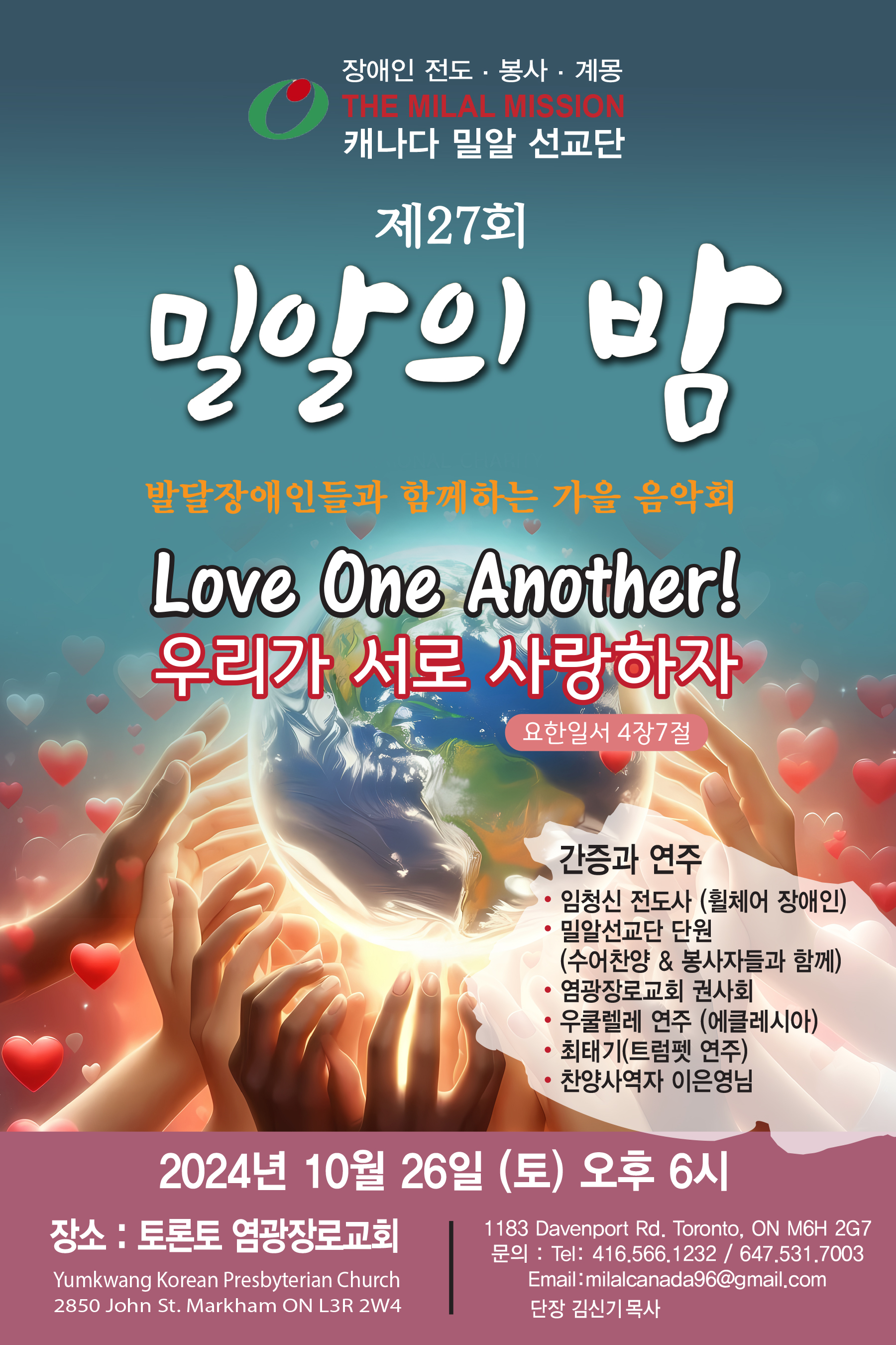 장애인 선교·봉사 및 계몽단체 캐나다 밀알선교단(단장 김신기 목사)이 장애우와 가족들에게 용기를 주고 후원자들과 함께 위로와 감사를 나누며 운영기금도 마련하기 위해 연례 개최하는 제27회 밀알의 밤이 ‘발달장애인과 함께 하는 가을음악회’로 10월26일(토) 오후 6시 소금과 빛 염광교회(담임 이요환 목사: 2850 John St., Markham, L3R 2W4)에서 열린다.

==

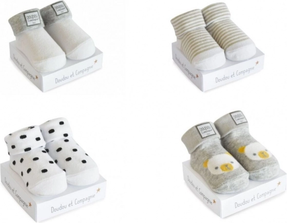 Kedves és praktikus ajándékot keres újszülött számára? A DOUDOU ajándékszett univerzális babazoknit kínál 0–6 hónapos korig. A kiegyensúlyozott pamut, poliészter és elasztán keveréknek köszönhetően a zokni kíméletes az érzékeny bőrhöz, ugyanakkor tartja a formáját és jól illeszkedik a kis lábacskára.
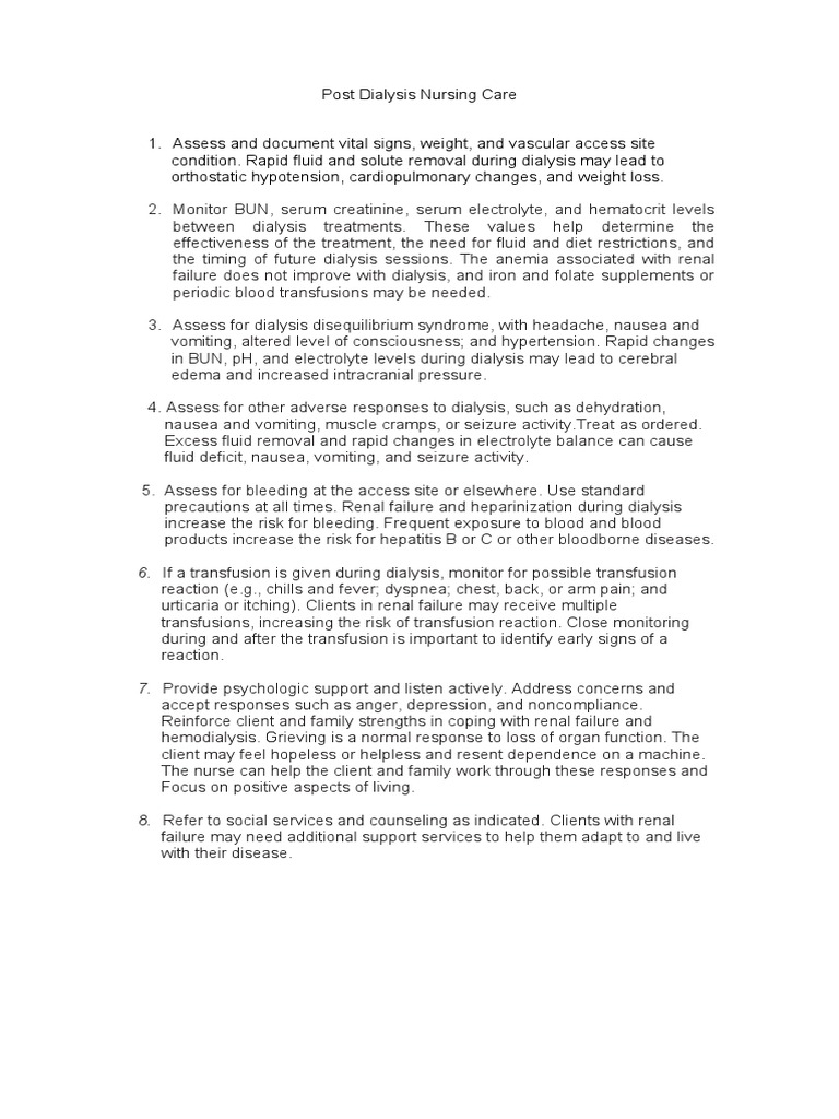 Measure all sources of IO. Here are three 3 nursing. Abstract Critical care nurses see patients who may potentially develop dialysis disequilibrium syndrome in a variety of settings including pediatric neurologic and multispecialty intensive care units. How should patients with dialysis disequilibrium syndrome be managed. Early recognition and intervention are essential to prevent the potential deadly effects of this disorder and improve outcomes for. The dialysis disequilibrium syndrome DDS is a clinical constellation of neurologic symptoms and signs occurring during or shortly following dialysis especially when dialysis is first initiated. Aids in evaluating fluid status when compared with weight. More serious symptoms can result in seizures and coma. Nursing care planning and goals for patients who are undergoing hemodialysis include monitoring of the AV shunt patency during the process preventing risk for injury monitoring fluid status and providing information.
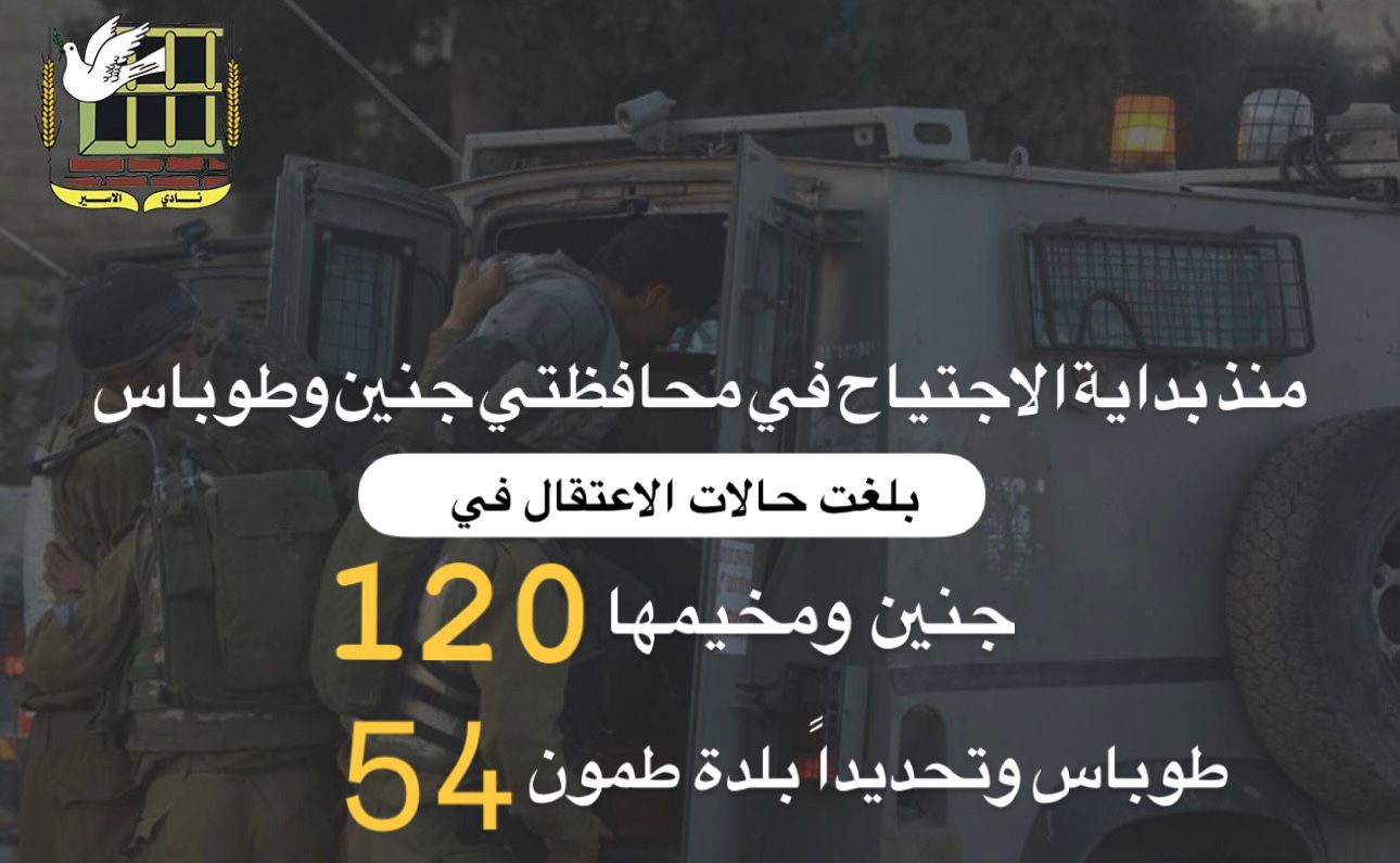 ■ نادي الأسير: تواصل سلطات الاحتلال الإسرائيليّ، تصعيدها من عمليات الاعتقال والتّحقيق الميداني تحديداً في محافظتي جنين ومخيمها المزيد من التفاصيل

Work order ::
Given the listing above, retype only the span of lines from the line with "Measure all sources" up to and including the line with "المزيد من التفاصيل", exactly as it stands and without pictures.

Solution to the exercise ::
 Measure all sources of IO. Here are three 3 nursing. Abstract Critical care nurses see patients who may potentially develop dialysis disequilibrium syndrome in a variety of settings including pediatric neurologic and multispecialty intensive care units. How should patients with dialysis disequilibrium syndrome be managed. Early recognition and intervention are essential to prevent the potential deadly effects of this disorder and improve outcomes for. The dialysis disequilibrium syndrome DDS is a clinical constellation of neurologic symptoms and signs occurring during or shortly following dialysis especially when dialysis is first initiated. Aids in evaluating fluid status when compared with weight. More serious symptoms can result in seizures and coma. Nursing care planning and goals for patients who are undergoing hemodialysis include monitoring of the AV shunt patency during the process preventing risk for injury monitoring fluid status and providing information.
 ■ نادي الأسير: تواصل سلطات الاحتلال الإسرائيليّ، تصعيدها من عمليات الاعتقال والتّحقيق الميداني تحديداً في محافظتي جنين ومخيمها المزيد من التفاصيل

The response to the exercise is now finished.